= Input records =
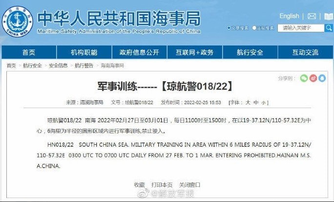 El gobierno comunista chino anunció ejercicios militares en el Mar de China Meridional de domingo a martes.
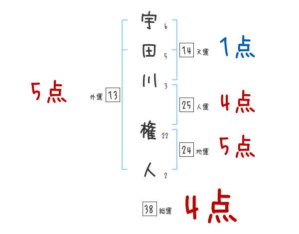 天運![]() | 宇田川権人さんの天運は14画の1つ星!人に対して優しいがストレスを溜め込みがち。人間関係のトラブルを避けるよう気をつけましょう。 家系が持つ宿命的な運勢を表します。祖先から受け継いだ苗字ですので自分の力が及びません。家柄を象徴します。 |
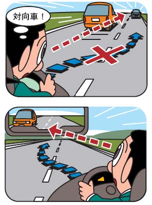 片側1車線の道路では、対向車との衝突という非常に大きなリスクを伴います。追越しには長い距離が必要となるため、対向車がいるときの追越しは避けましょう。
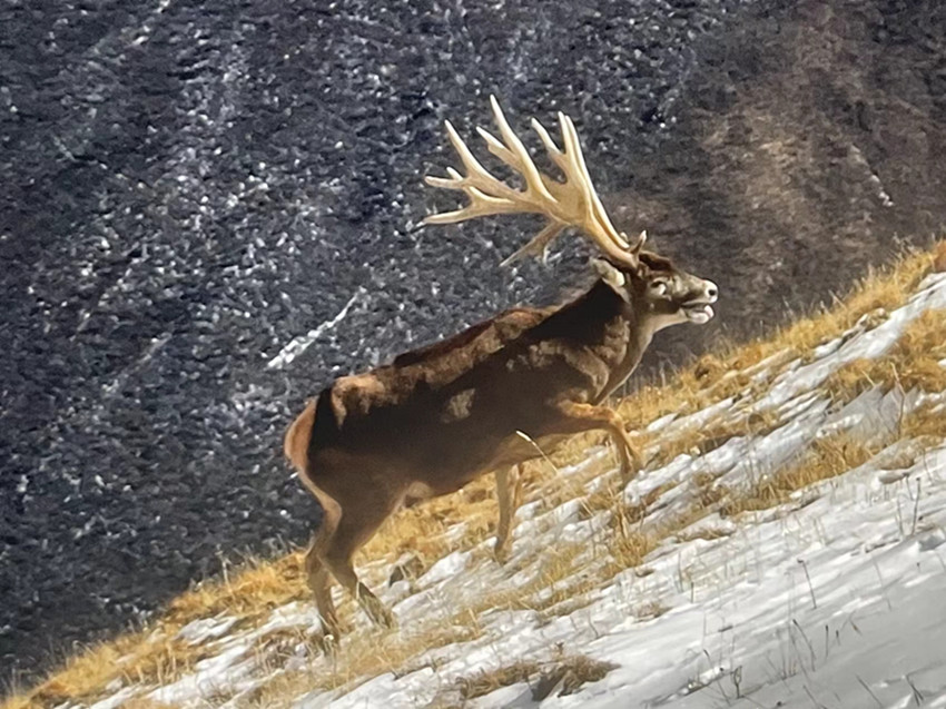 近日,攝影愛好者秋吉洛珠在年龍鄉(xiāng)境內的懸崖峭壁上,拍到了近300只巖羊和10只白唇鹿的身影。它們在峭壁山坡上奔跑、漫步、覓食,畫面非常和諧。白唇鹿被列入世界自然保護聯(lián)盟瀕危物種紅色名錄。隨著近年來全州生態(tài)環(huán)境逐年向好,各類瀕危動物數(shù)量也在不斷增加?!把┯蚓`”們得以在此繁衍生息。
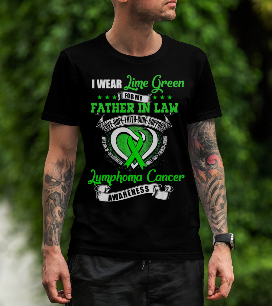 I Wear Lime Green For My Father-in-Law Lymphoma Cancer Awareness Love Hope Faith Cure Support T-Shirt
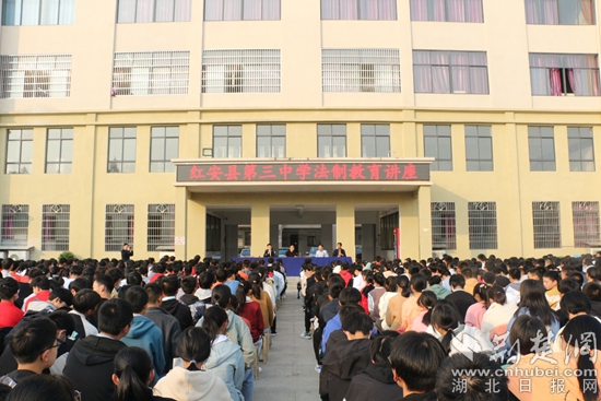 “法網(wǎng)恢恢,疏而不漏,打架斗毆、網(wǎng)絡(luò)詐騙等這些行為會受到法律的制裁,還會影響個人的聲譽(yù)……” 10月28日,紅安三中在該校實(shí)驗(yàn)樓開展法制安全教育講座,該校高一、高二年級師生參加活動。
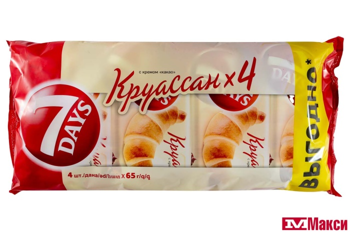 КРУАССАНЫ "7 DAYS SINGLE" 65ГХ3+1 (МУЛЬТИУПАКОВКА) В АССОРТ.(какао)

= Task requirements =
Could you print all of the entries above exactly as written, minus the pictures?

= Answer section =
 El gobierno comunista chino anunció ejercicios militares en el Mar de China Meridional de domingo a martes.
 天運![]() | 宇田川権人さんの天運は14画の1つ星!人に対して優しいがストレスを溜め込みがち。人間関係のトラブルを避けるよう気をつけましょう。 家系が持つ宿命的な運勢を表します。祖先から受け継いだ苗字ですので自分の力が及びません。家柄を象徴します。 |
 片側1車線の道路では、対向車との衝突という非常に大きなリスクを伴います。追越しには長い距離が必要となるため、対向車がいるときの追越しは避けましょう。
 近日,攝影愛好者秋吉洛珠在年龍鄉(xiāng)境內的懸崖峭壁上,拍到了近300只巖羊和10只白唇鹿的身影。它們在峭壁山坡上奔跑、漫步、覓食,畫面非常和諧。白唇鹿被列入世界自然保護聯(lián)盟瀕危物種紅色名錄。隨著近年來全州生態(tài)環(huán)境逐年向好,各類瀕危動物數(shù)量也在不斷增加?!把┯蚓`”們得以在此繁衍生息。
 I Wear Lime Green For My Father-in-Law Lymphoma Cancer Awareness Love Hope Faith Cure Support T-Shirt
 “法網(wǎng)恢恢,疏而不漏,打架斗毆、網(wǎng)絡(luò)詐騙等這些行為會受到法律的制裁,還會影響個人的聲譽(yù)……” 10月28日,紅安三中在該校實(shí)驗(yàn)樓開展法制安全教育講座,該校高一、高二年級師生參加活動。
 КРУАССАНЫ "7 DAYS SINGLE" 65ГХ3+1 (МУЛЬТИУПАКОВКА) В АССОРТ.(какао)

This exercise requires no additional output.